_REQUIRED WORK_:
The reply should hold only the lines from the one with "Подходит для веганской, безглютеновой, палеолитической" to the one with "2.计算B2:B9中数字单元格的个数,公式存放到B10,然后点击确定按钮", both ends kept, exactly as they appear below, without any pictures.

_DATA FOR THIS EXERCISE_:

════════

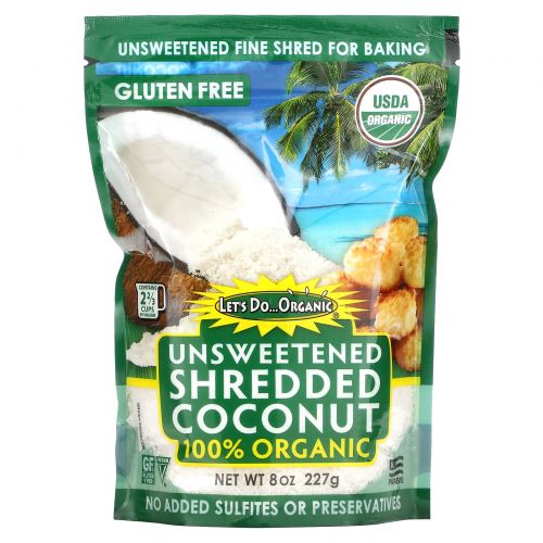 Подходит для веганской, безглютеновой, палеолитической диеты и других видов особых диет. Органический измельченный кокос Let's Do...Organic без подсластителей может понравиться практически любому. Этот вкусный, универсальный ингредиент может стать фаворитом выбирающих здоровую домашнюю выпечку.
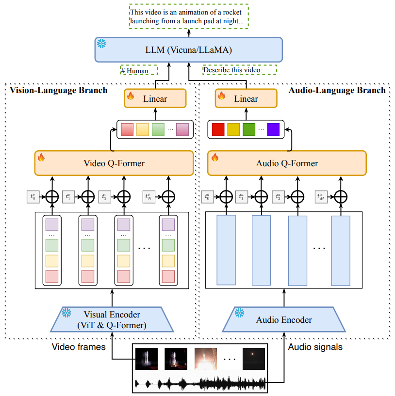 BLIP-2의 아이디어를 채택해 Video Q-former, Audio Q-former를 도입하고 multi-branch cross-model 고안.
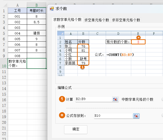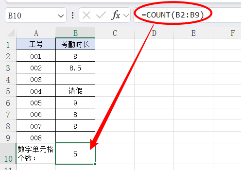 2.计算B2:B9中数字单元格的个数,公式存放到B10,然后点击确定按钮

════════

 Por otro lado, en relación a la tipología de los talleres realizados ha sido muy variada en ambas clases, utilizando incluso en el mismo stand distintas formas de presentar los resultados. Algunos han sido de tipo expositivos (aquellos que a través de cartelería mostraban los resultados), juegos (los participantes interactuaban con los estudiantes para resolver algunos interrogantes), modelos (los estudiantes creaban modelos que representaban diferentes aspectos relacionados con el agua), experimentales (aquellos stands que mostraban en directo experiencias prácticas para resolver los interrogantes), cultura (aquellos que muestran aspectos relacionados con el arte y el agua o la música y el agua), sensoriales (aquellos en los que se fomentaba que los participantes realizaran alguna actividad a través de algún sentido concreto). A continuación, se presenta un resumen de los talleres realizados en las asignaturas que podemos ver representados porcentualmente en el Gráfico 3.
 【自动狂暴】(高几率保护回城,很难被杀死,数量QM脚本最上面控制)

════════

_ANSWER SECTION_:
 Подходит для веганской, безглютеновой, палеолитической диеты и других видов особых диет. Органический измельченный кокос Let's Do...Organic без подсластителей может понравиться практически любому. Этот вкусный, универсальный ингредиент может стать фаворитом выбирающих здоровую домашнюю выпечку.
 BLIP-2의 아이디어를 채택해 Video Q-former, Audio Q-former를 도입하고 multi-branch cross-model 고안.
 2.计算B2:B9中数字单元格的个数,公式存放到B10,然后点击确定按钮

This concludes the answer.